# [Exercise instructions]
Look in the listing below for the line that has "10月4日,在塞爾維亞中部城", then return it and each following line up to and including the one with "Studio 20 m2, au", exactly and without pictures.

:: Study material ::

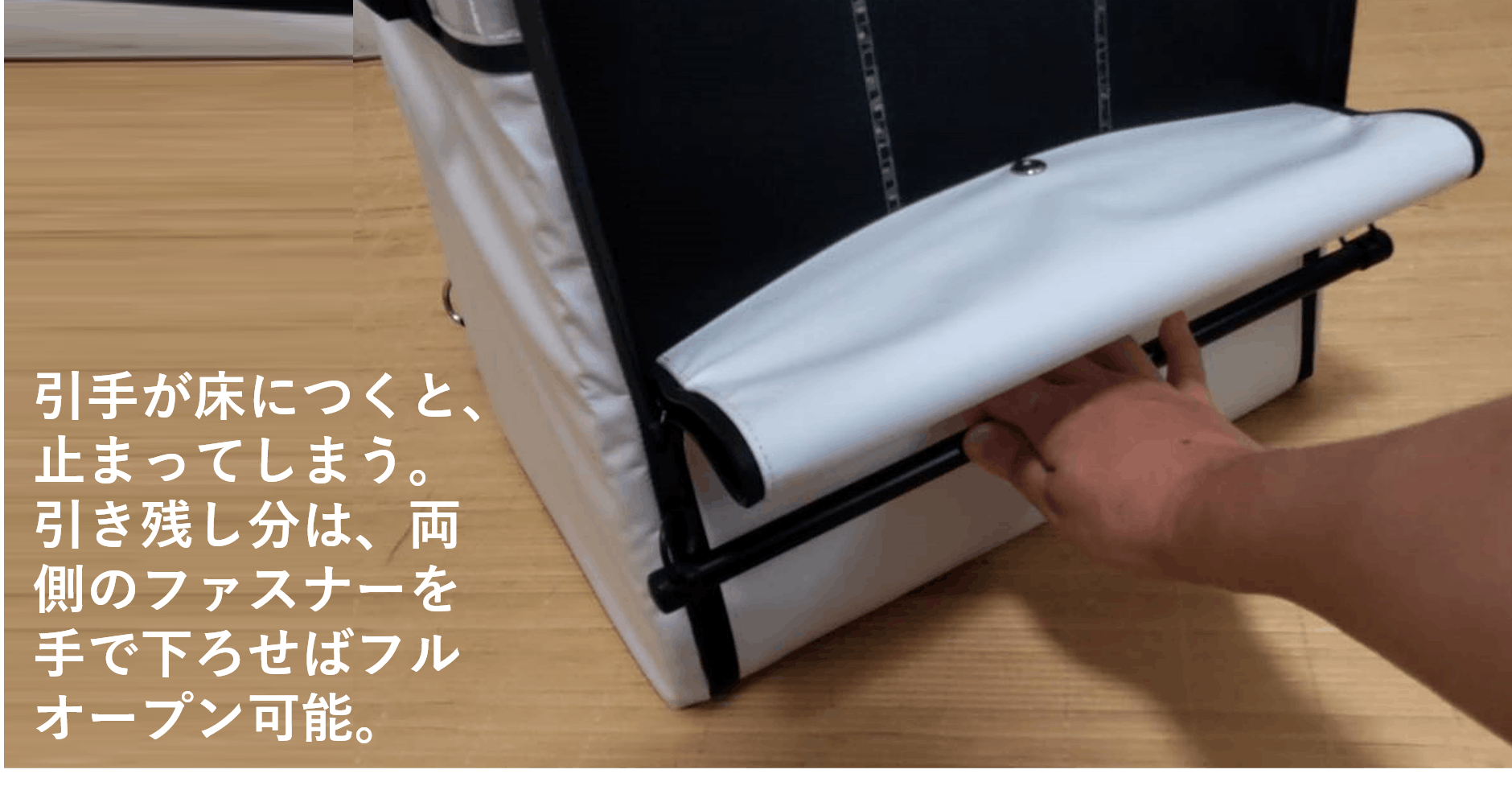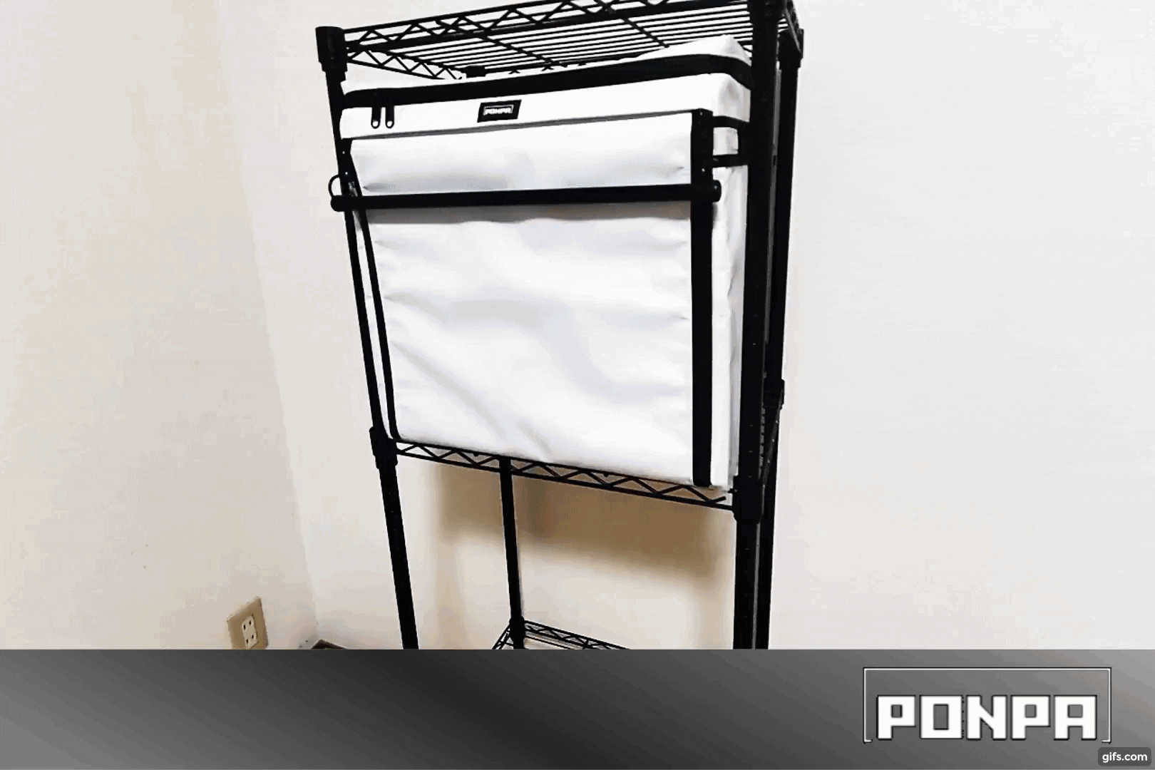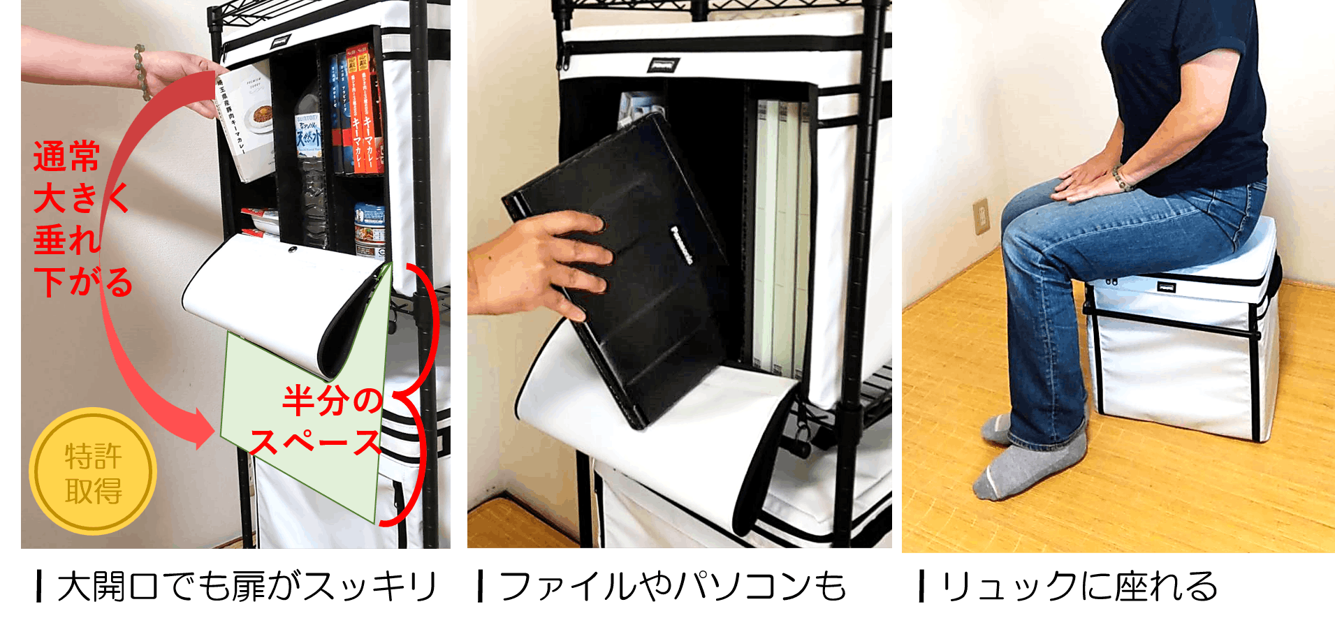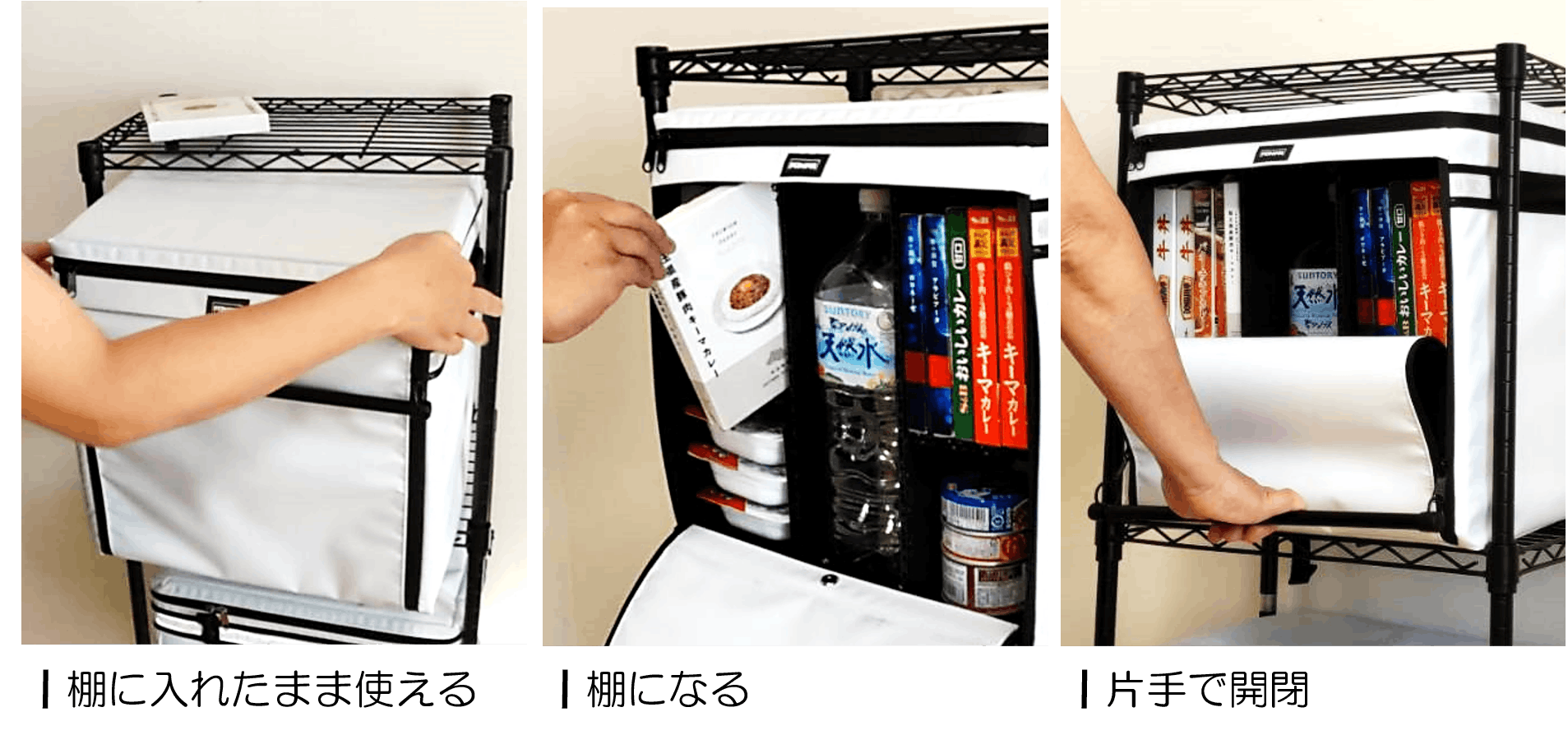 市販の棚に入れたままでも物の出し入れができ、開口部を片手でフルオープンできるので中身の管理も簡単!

:::
:: Study material ::

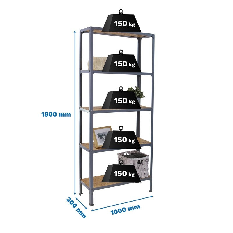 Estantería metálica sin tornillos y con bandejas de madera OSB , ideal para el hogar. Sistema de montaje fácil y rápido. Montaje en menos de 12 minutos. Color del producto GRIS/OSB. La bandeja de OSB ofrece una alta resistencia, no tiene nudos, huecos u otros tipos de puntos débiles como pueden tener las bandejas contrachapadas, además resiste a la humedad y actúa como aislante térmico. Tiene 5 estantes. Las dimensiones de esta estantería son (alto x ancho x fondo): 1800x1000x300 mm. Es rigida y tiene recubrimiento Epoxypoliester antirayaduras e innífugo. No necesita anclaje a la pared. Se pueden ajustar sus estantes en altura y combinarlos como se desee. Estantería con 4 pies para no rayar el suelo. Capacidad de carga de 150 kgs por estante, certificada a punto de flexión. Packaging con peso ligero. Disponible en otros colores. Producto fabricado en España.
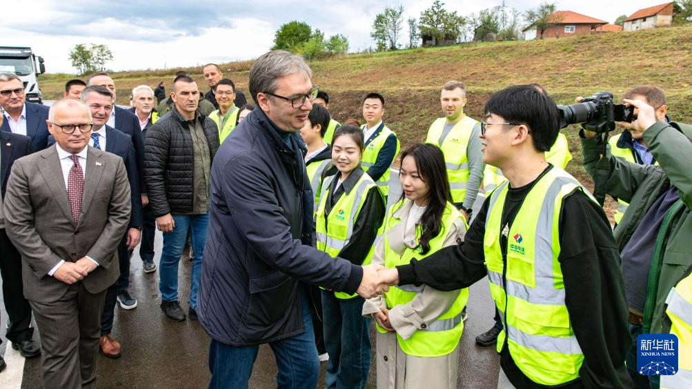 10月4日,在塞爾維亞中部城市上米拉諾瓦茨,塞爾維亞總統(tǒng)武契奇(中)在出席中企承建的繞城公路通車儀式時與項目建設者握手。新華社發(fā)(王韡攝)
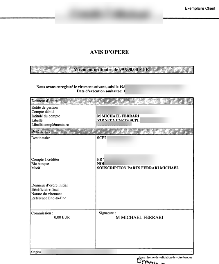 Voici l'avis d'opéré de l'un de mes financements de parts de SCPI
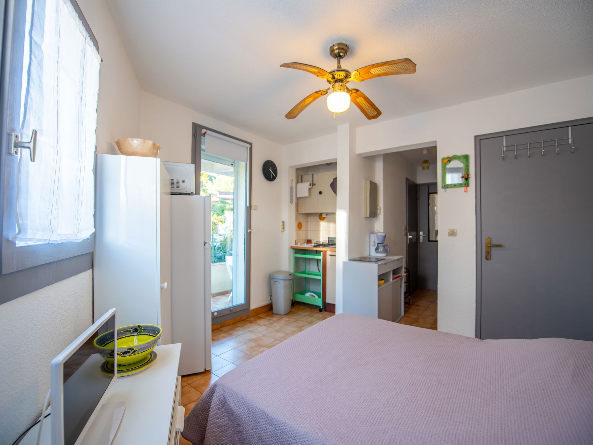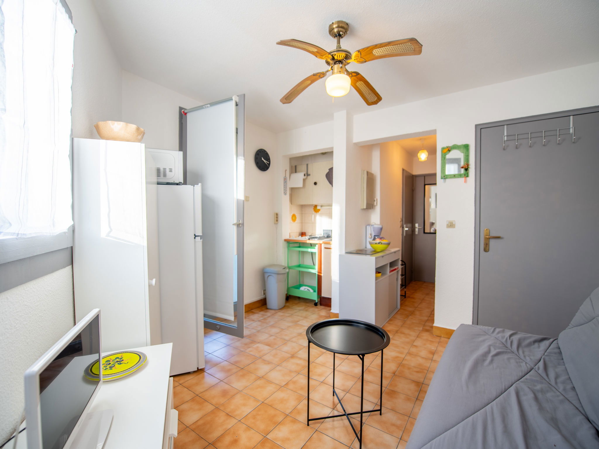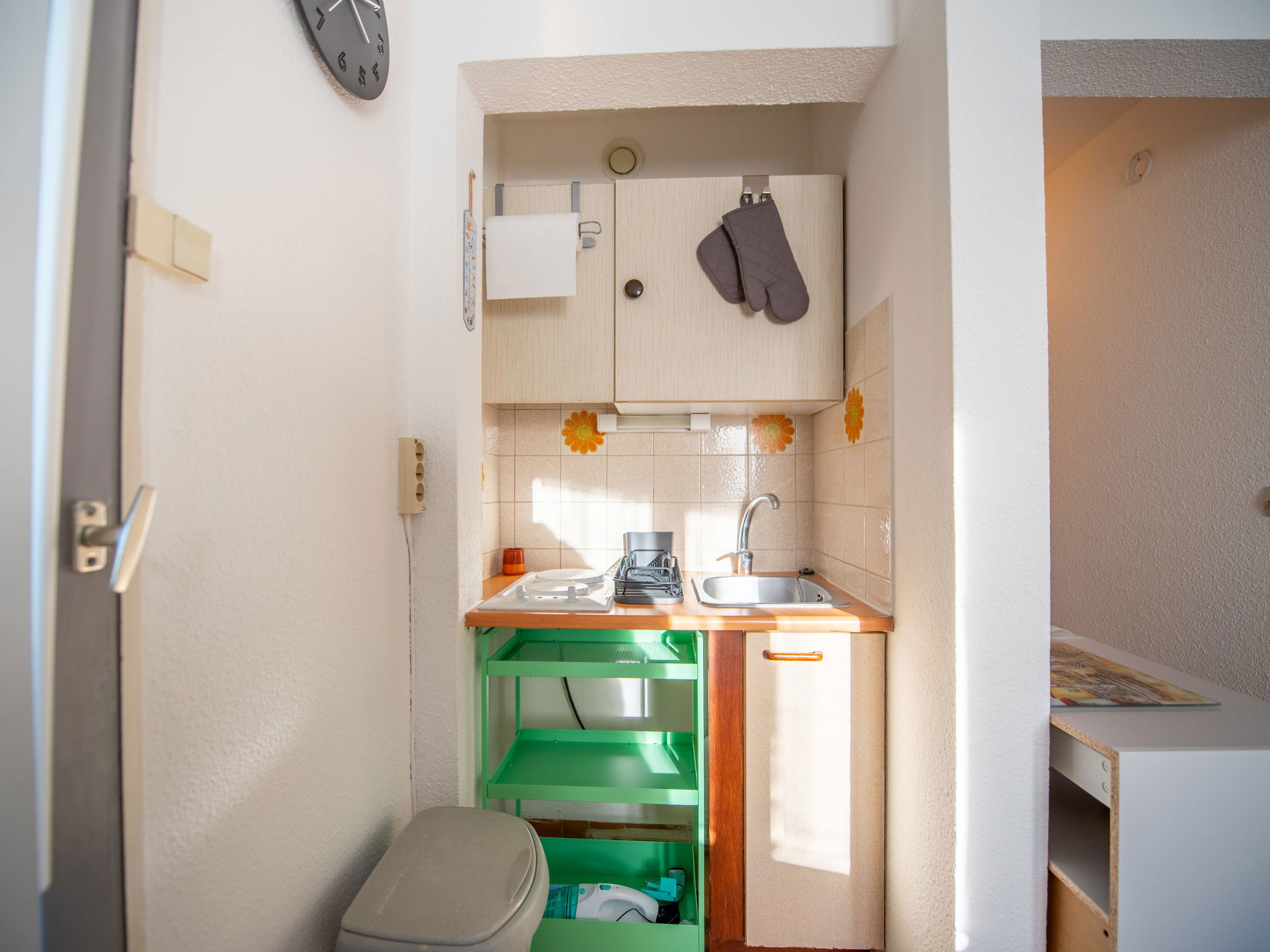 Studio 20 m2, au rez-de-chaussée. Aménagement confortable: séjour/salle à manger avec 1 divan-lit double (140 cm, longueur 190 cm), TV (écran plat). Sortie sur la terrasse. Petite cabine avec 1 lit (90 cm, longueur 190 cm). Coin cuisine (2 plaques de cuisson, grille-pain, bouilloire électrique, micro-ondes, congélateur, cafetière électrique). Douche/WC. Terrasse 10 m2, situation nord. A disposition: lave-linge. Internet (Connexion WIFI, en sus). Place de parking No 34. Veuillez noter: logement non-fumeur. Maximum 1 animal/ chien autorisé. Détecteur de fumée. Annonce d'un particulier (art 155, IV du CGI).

:::

# [Your response]
 10月4日,在塞爾維亞中部城市上米拉諾瓦茨,塞爾維亞總統(tǒng)武契奇(中)在出席中企承建的繞城公路通車儀式時與項目建設者握手。新華社發(fā)(王韡攝)
 Voici l'avis d'opéré de l'un de mes financements de parts de SCPI
 Studio 20 m2, au rez-de-chaussée. Aménagement confortable: séjour/salle à manger avec 1 divan-lit double (140 cm, longueur 190 cm), TV (écran plat). Sortie sur la terrasse. Petite cabine avec 1 lit (90 cm, longueur 190 cm). Coin cuisine (2 plaques de cuisson, grille-pain, bouilloire électrique, micro-ondes, congélateur, cafetière électrique). Douche/WC. Terrasse 10 m2, situation nord. A disposition: lave-linge. Internet (Connexion WIFI, en sus). Place de parking No 34. Veuillez noter: logement non-fumeur. Maximum 1 animal/ chien autorisé. Détecteur de fumée. Annonce d'un particulier (art 155, IV du CGI).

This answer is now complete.